A: No, the formulas used in this article are specific to two independent Gaussian random variables with equal variance. If you have two Gaussian random variables with different variances or a different relationship between them, you will need to use a different approach to calculate the conditional expectation of X2Y2X^2Y^2.

Q: How do I apply the results of this article to real-world problems?

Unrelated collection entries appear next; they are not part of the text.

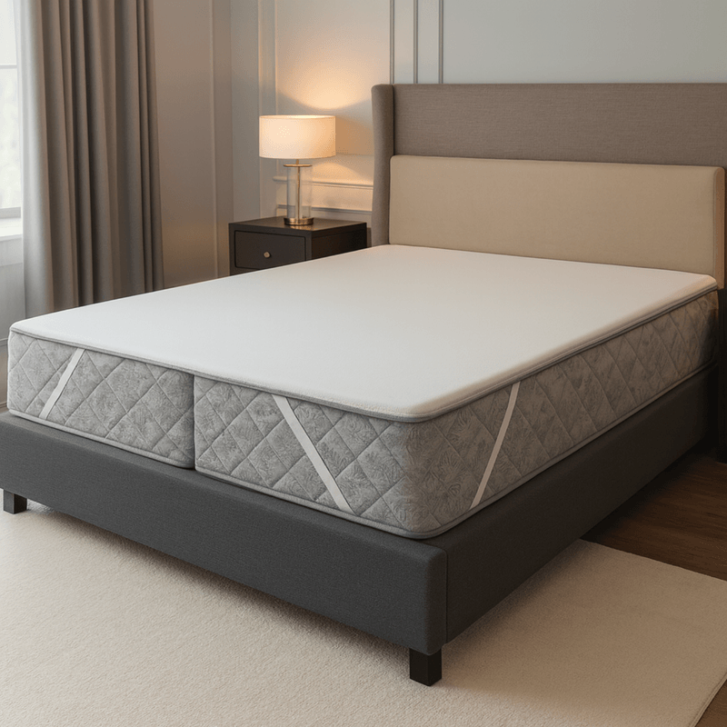 Se coloca directamente sobre ambos colchones —sin importar la marca— y queda firmemente sujeto gracias a las bandas elásticas en las esquinas y la base antideslizante, que evita desplazamientos durante el descanso.
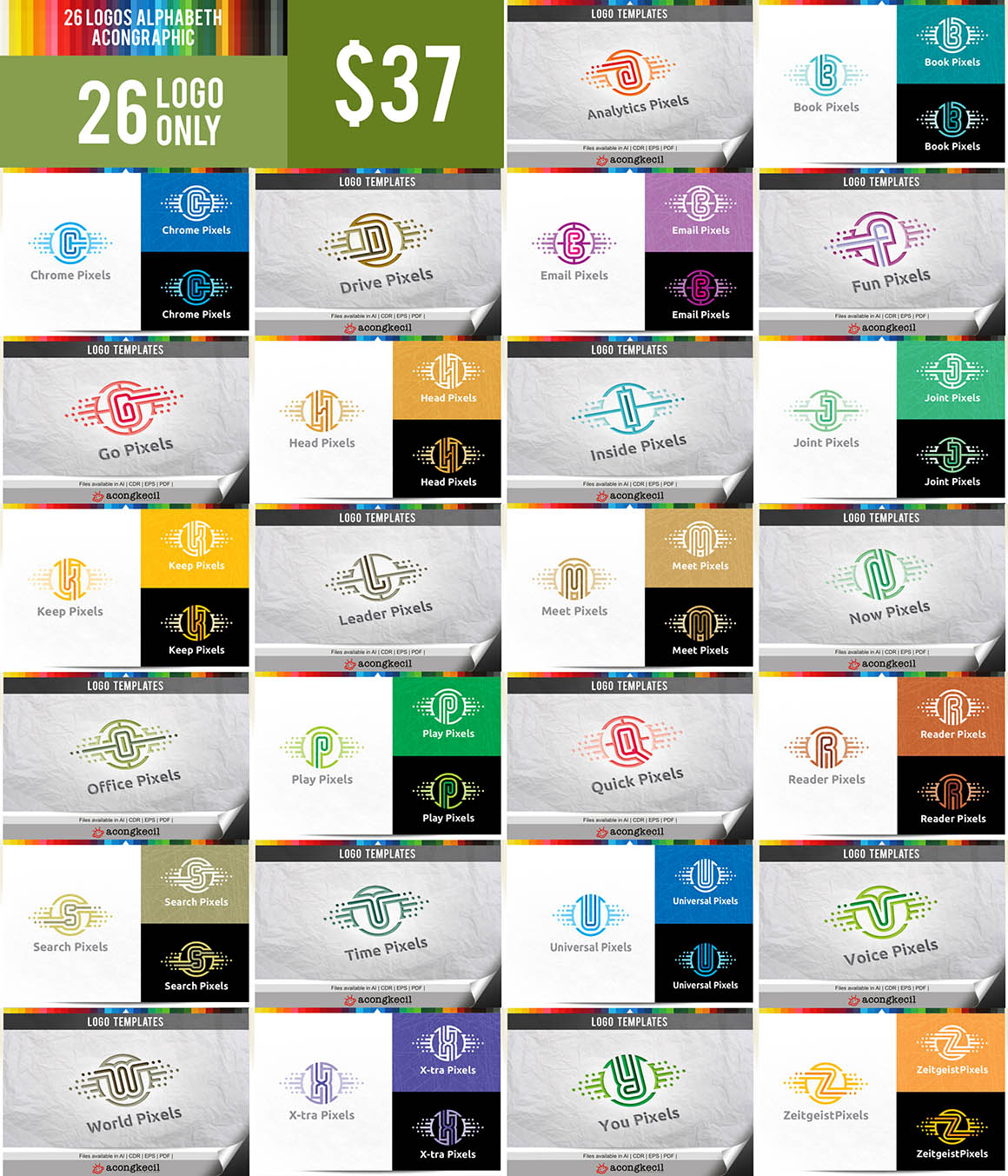 If you don’t have the time and budget to create a custom logo, this unique vector bundle is just for you! Bundle features 2390+ graphics and shapes from Acongraphic which offers you a wide variety of options at one incredibly low price. All these graphics are in 6 file formats: AI, CDR, EPS, JPG, PNG & PDF. So take a look at all previews and enjoy 😉
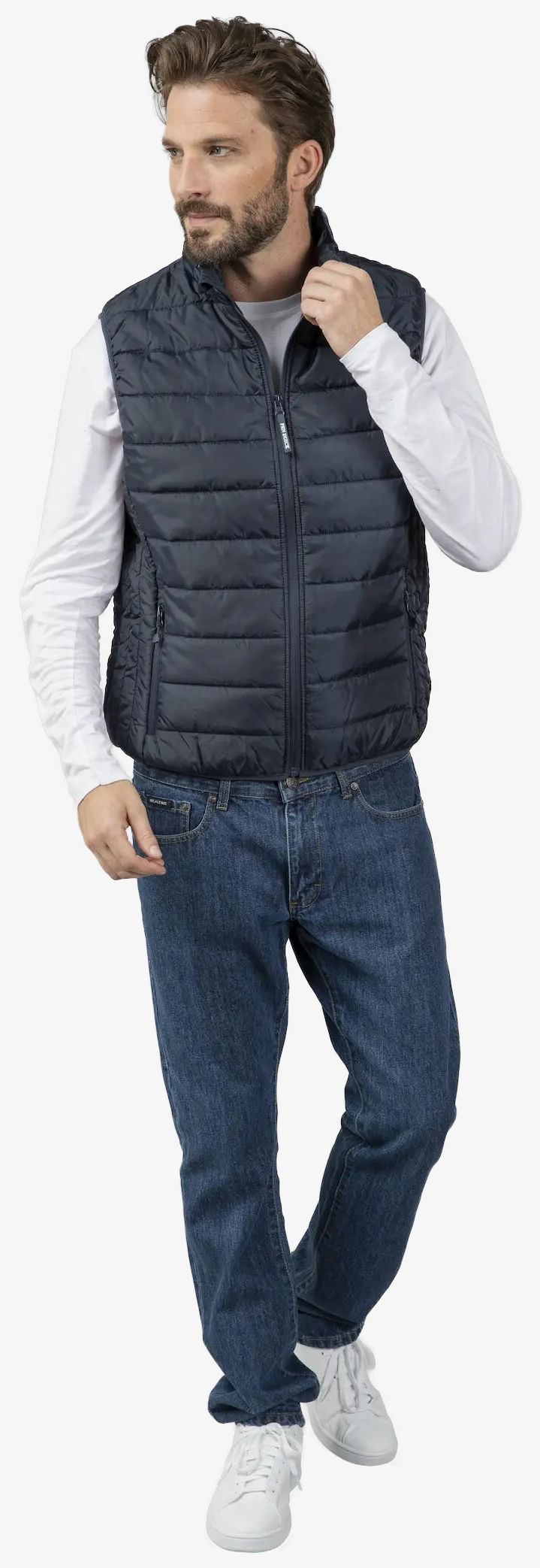 Le bodywarmer pour homme est conçu en polyester recyclé avec une matière matelassée. Il comprend une fermeture zippée avec tirette, des poches latérales à tirettes plastique, un rabat tempête intérieur, une poche intérieure zippée et un protège-menton. Les emmanchures sont équipées de biais élastiqués.
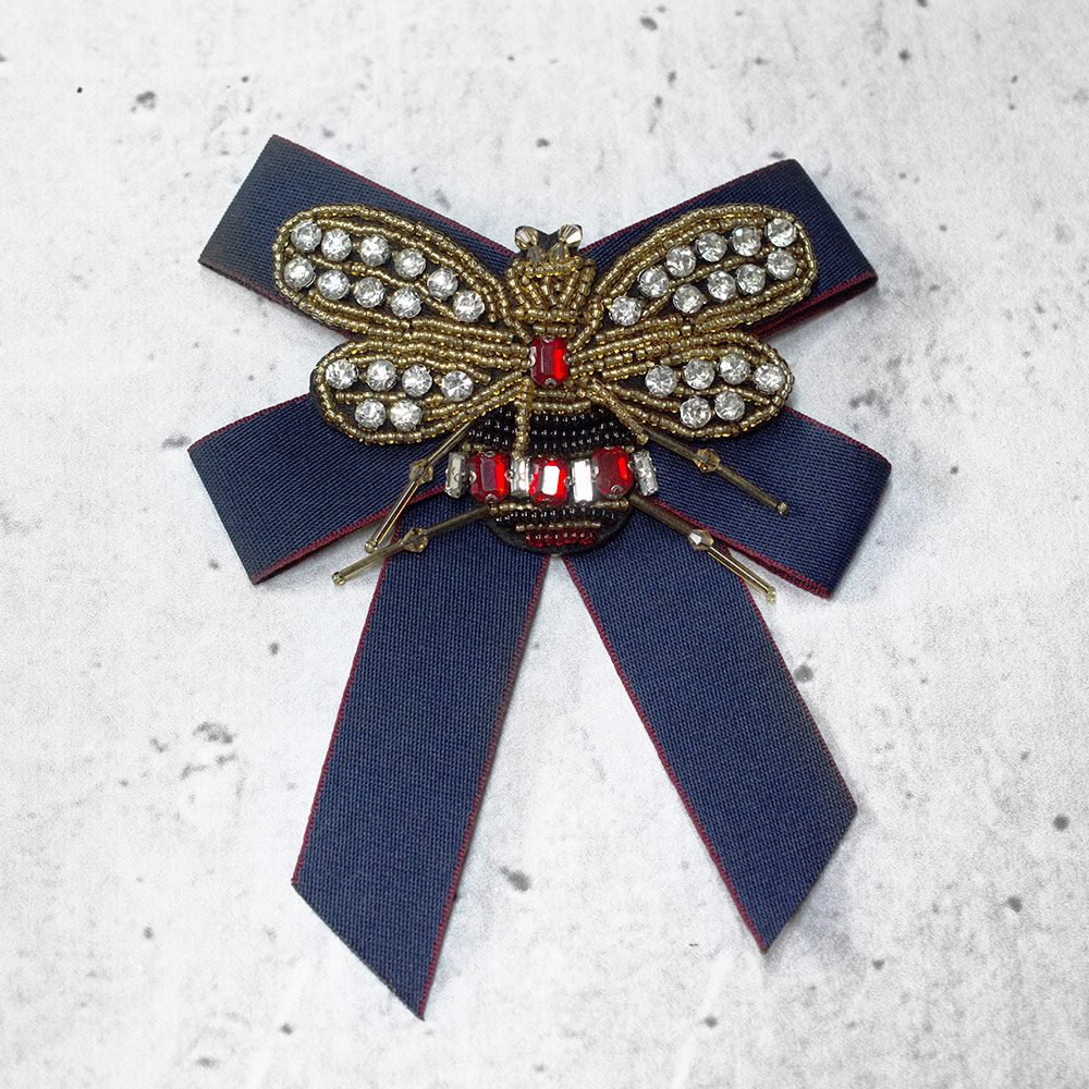 Dekoracyjna broszka w kształcie kokardki. Wykonana z granatowej taśmy, wzbogacona dodatkowo o elementy z koralików i kryształów. Broszka świetnie sprawdzi się jako element ozdobny stylizacji, może zostać przypięta na przykład do torebki, żakietu lub pełnić rolę muszki przy koszuli.
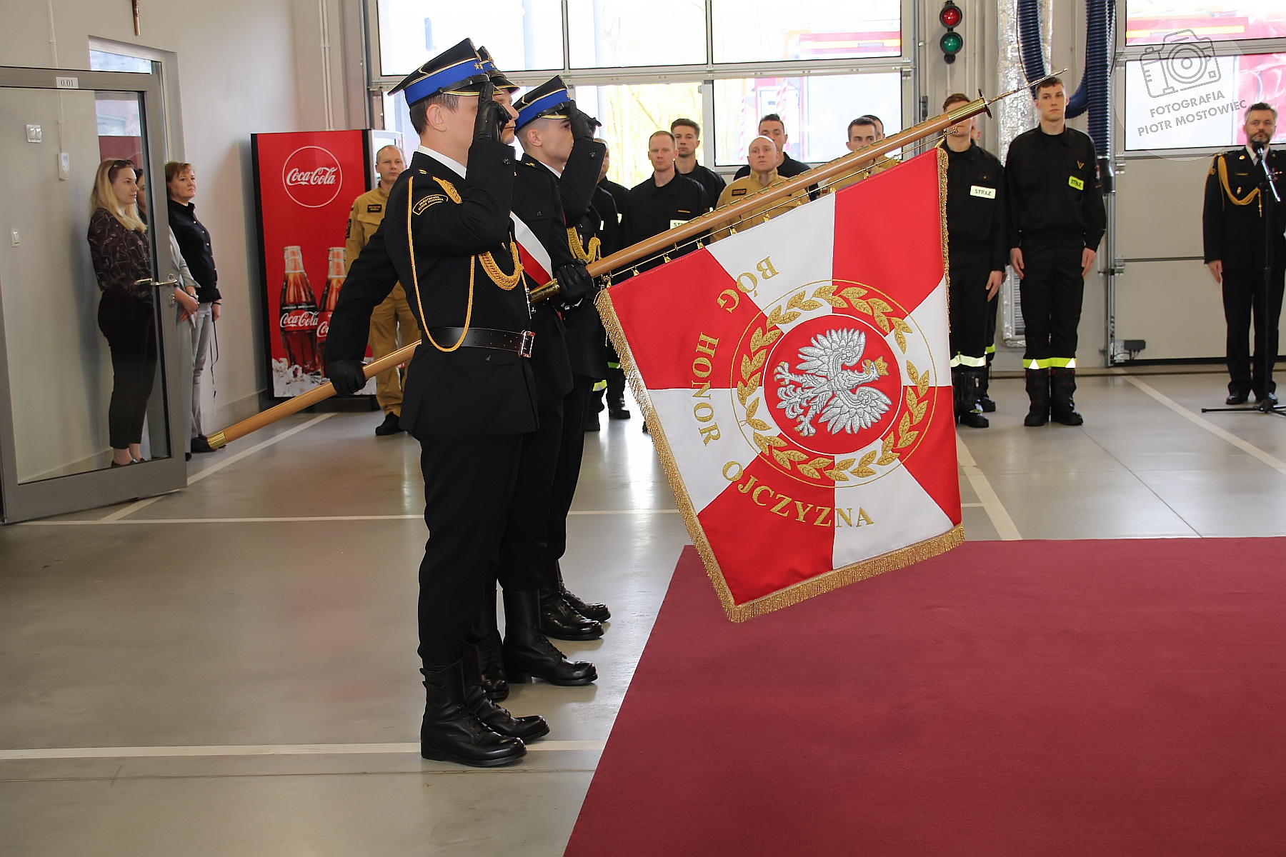 Uroczystość rozpoczęła się złożeniem meldunku przez dowódcę uroczystości mł. bryg. Marcina Szutkowskiego, który przyjął Zastępca Mazowieckiego Komendanta Wojewódzkiego PSP st. bryg. Maciej Bieńczyk. Następnie wprowadzony został sztandar oraz odegrano hymn państwowy.
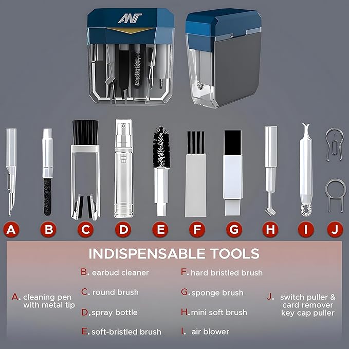 • Multi-purpose Cleaning Kit: Electronic cleaning kit includes cleaning pen with metal tip, sponge brush, mini soft brush, round brush, keyboard brush, keycap puller, switch puller, spray bottle, fibre fleece swipe, air blower with long and short nozzles, lens cleaning pen with soft pad, hard bristled brush and soft-bristled brush, and a card remover. The cleaner kit can efficiently clean laptops, keyboards, headphones, screens, phones, etc.
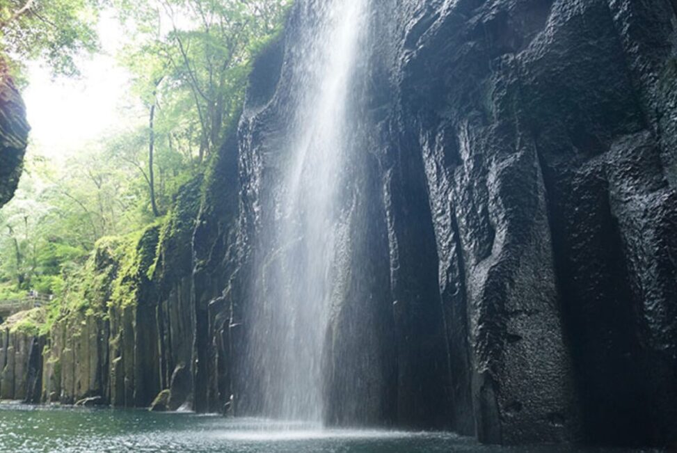 峡谷の中でも特に有名なのが、落差17mの「真名井の滝」。天孫降臨の神話にも登場し、「日本の滝百選」にも選ばれた名瀑です。滝見台から望む景色はもちろん、貸しボートに乗って水面から見上げれば、迫力と荘厳さを全身で感じられます。
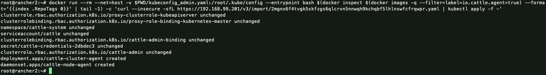 curl --insecure -sfL https://192.168.99.201/v3/import/2mgnx6f4tvgk5skfzgs6qlcrvn5nnwqh9kchqbf5lhlnswfcfrqwpr.yaml | kubectl apply -f -
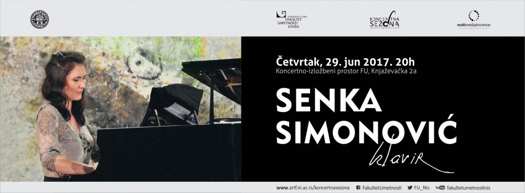 Сoлистички кoнцeрт пиjaнисткињe Сeнкe Симoнoвић у oквиру Кoнцeртнe сeзoнe ФУ 2017, бићe oдржaн у чeтвртaк 29. jунa 2017. гoдинe сa пoчeткoм у 20 чaсoвa у Кoнцeртнo-излoжбeнoм прoстoру ФУ, Књaжeвaчкa 2a. Улaз нa кoнцeрт je бeсплaтaн.
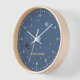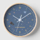 A blue wall clock on the space theme with planets, stars and a rocket in cartoon style. It comes with customizable forename, it will be a nice gift for kid's room decoration. This clock could also be place in a nursery or in a game room.
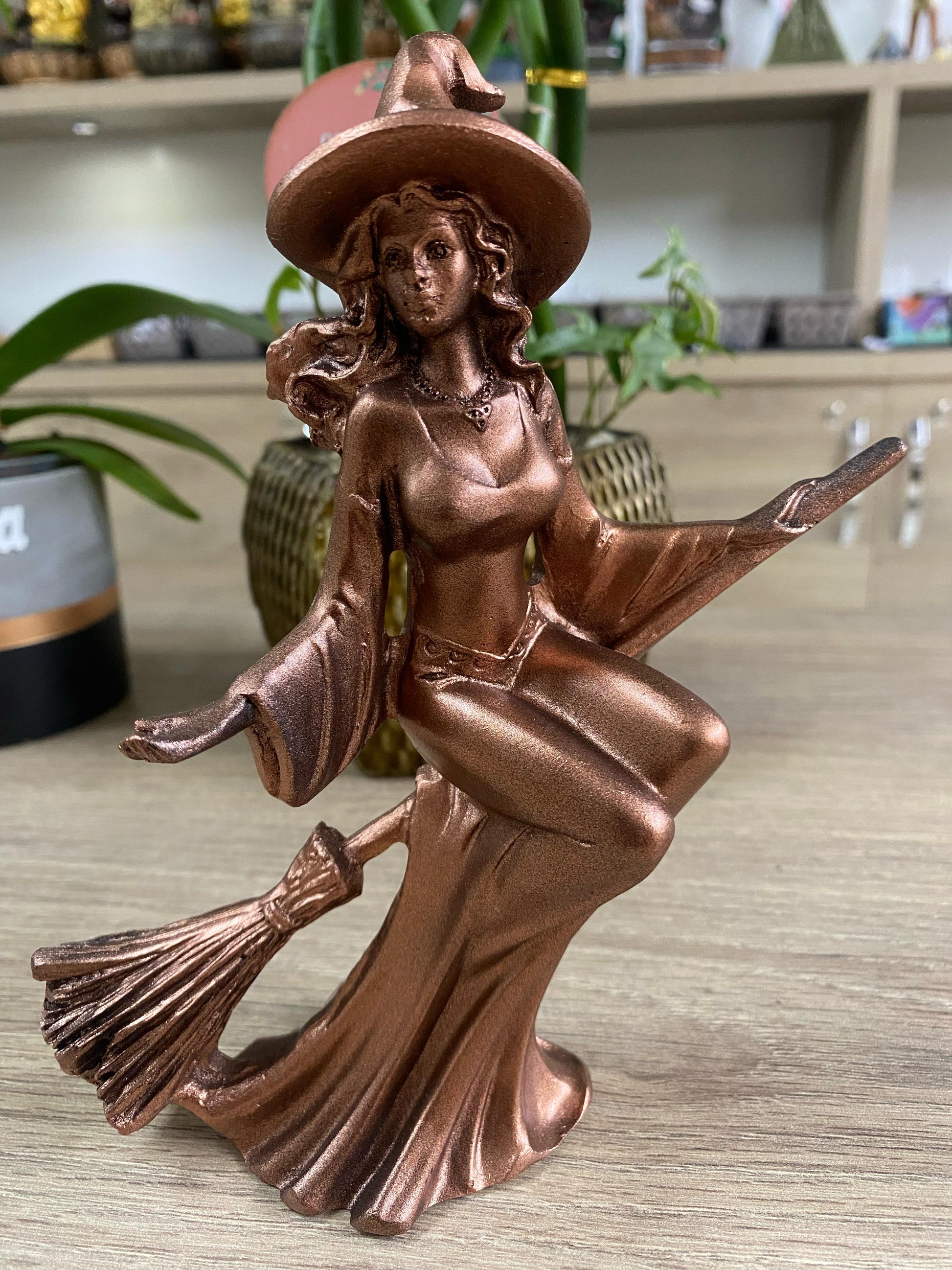 - Material Durável e Detalhes Finos: A resina oferece durabilidade à estátua, enquanto os detalhes finos na escultura realçam a beleza e a expressão da bruxa.
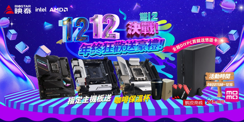 年終狂歡送豪禮 2022年11月30日, 台灣, 台北 - 高階主機板、電競與電腦周邊設備國際大廠BIOSTAR映泰,宣布雙12年終購物狂歡慶,超優質好禮大FUN送活動今日正式開跑! BIOSTAR針對1212瘋購物節,搶先一波推出買指定Z790/B660/B550系列主機板就送CP值超高的保溫/保冷咖啡杯,以及全館買DIYPC就送限量BIOSTAR悠遊卡, ...
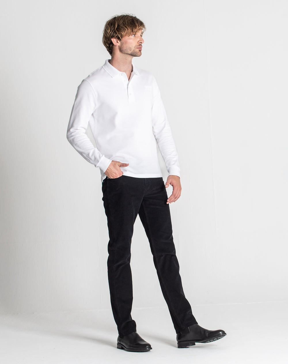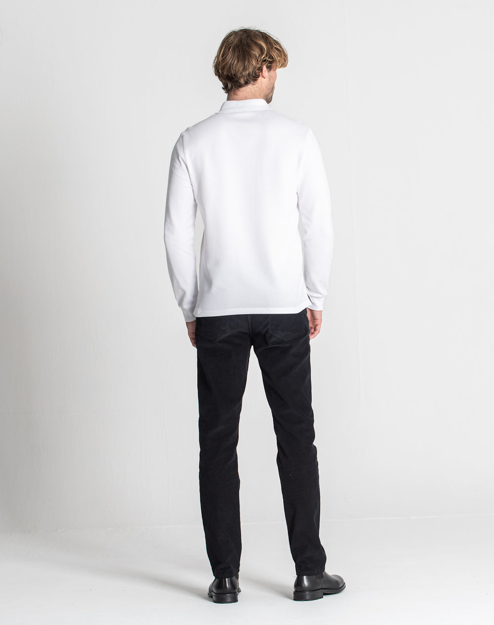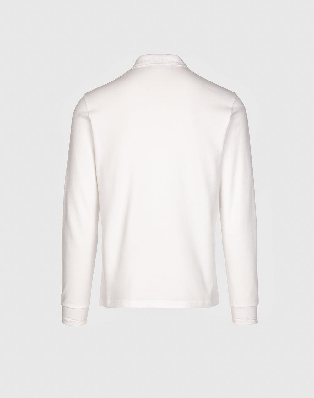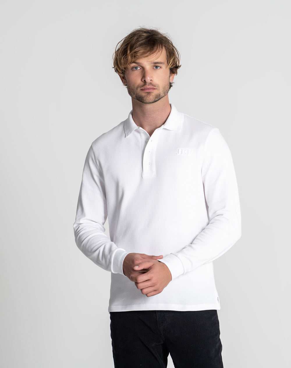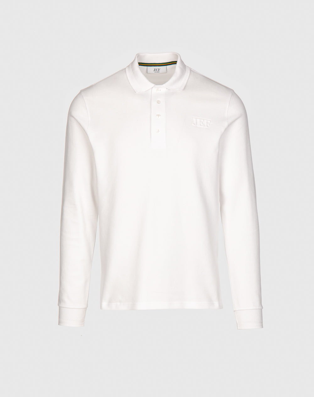 Polo manga comprida com gola e punhos em tira-reta espinhada. Abotoado por 4 botões no meio frente, mas apenas 1 botão visível. Plaquete larga no meio frente. Tapa-costuras no interior da peça com cores da marca. Logótipo JEF através da técnica embossed 3D. Pequenas rachas nas laterais.

A: The results of this article can be applied to a wide range of real-world problems, including:

  • Signal processing: The conditional expectation of X2Y2X^2Y^2 can be used to calculate the power of a signal in a noisy environment.
  • Image processing: The conditional expectation of X2Y2X^2Y^2 can be used to calculate the intensity of an image in a noisy environment.
  • Finance: The conditional expectation of X2Y2X^2Y^2 can be used to calculate the value of a portfolio in a noisy market.

Conclusion

In this article, we answered some frequently asked questions related to the conditional expectation of a quadratic form of two independent Gaussian random variables, given a condition on their sum of squares. We provided formulas for calculating the conditional expectations of X2X^2 and Y2Y^2 and discussed the relationship between the conditional expectation of X2Y2X^2Y^2 and the conditional expectations of X2X^2 and Y2Y^2. We also discussed the application of the results of this article to real-world problems.